Starting with the line that contains "Bed With Storage" and ending with the final line of the data below, print those lines exactly and nothing else.

--------

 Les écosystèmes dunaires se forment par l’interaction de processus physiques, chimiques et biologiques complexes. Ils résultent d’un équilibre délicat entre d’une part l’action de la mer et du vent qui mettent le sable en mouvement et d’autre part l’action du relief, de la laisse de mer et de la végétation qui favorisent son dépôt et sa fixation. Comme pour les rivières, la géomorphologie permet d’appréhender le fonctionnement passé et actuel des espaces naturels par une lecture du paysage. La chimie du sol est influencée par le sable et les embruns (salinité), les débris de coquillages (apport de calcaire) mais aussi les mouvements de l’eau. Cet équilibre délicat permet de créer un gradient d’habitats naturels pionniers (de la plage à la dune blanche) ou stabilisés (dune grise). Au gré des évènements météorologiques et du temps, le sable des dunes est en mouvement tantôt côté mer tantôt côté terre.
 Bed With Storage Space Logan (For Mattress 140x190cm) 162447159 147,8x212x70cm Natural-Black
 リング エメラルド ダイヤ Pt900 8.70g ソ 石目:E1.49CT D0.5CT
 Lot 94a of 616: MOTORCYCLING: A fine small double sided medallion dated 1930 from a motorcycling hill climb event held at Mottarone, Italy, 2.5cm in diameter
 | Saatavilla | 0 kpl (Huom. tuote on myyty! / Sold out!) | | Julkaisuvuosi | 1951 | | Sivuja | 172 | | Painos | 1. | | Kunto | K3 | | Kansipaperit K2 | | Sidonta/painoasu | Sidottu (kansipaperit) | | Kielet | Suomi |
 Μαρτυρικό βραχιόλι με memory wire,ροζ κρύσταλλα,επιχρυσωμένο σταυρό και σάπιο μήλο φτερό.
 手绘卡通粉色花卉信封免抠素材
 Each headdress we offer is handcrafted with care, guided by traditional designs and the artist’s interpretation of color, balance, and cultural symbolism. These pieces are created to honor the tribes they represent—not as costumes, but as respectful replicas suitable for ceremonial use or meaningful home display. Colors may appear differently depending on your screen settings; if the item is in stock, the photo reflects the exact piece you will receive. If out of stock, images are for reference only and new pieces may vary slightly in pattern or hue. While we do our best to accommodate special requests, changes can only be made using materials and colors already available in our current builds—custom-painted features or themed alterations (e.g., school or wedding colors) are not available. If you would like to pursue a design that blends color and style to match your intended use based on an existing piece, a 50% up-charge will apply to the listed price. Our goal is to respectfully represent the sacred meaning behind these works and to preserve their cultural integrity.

--------

EXERCISE OUTPUT:
 Bed With Storage Space Logan (For Mattress 140x190cm) 162447159 147,8x212x70cm Natural-Black
 リング エメラルド ダイヤ Pt900 8.70g ソ 石目:E1.49CT D0.5CT
 Lot 94a of 616: MOTORCYCLING: A fine small double sided medallion dated 1930 from a motorcycling hill climb event held at Mottarone, Italy, 2.5cm in diameter
 | Saatavilla | 0 kpl (Huom. tuote on myyty! / Sold out!) | | Julkaisuvuosi | 1951 | | Sivuja | 172 | | Painos | 1. | | Kunto | K3 | | Kansipaperit K2 | | Sidonta/painoasu | Sidottu (kansipaperit) | | Kielet | Suomi |
 Μαρτυρικό βραχιόλι με memory wire,ροζ κρύσταλλα,επιχρυσωμένο σταυρό και σάπιο μήλο φτερό.
 手绘卡通粉色花卉信封免抠素材
 Each headdress we offer is handcrafted with care, guided by traditional designs and the artist’s interpretation of color, balance, and cultural symbolism. These pieces are created to honor the tribes they represent—not as costumes, but as respectful replicas suitable for ceremonial use or meaningful home display. Colors may appear differently depending on your screen settings; if the item is in stock, the photo reflects the exact piece you will receive. If out of stock, images are for reference only and new pieces may vary slightly in pattern or hue. While we do our best to accommodate special requests, changes can only be made using materials and colors already available in our current builds—custom-painted features or themed alterations (e.g., school or wedding colors) are not available. If you would like to pursue a design that blends color and style to match your intended use based on an existing piece, a 50% up-charge will apply to the listed price. Our goal is to respectfully represent the sacred meaning behind these works and to preserve their cultural integrity.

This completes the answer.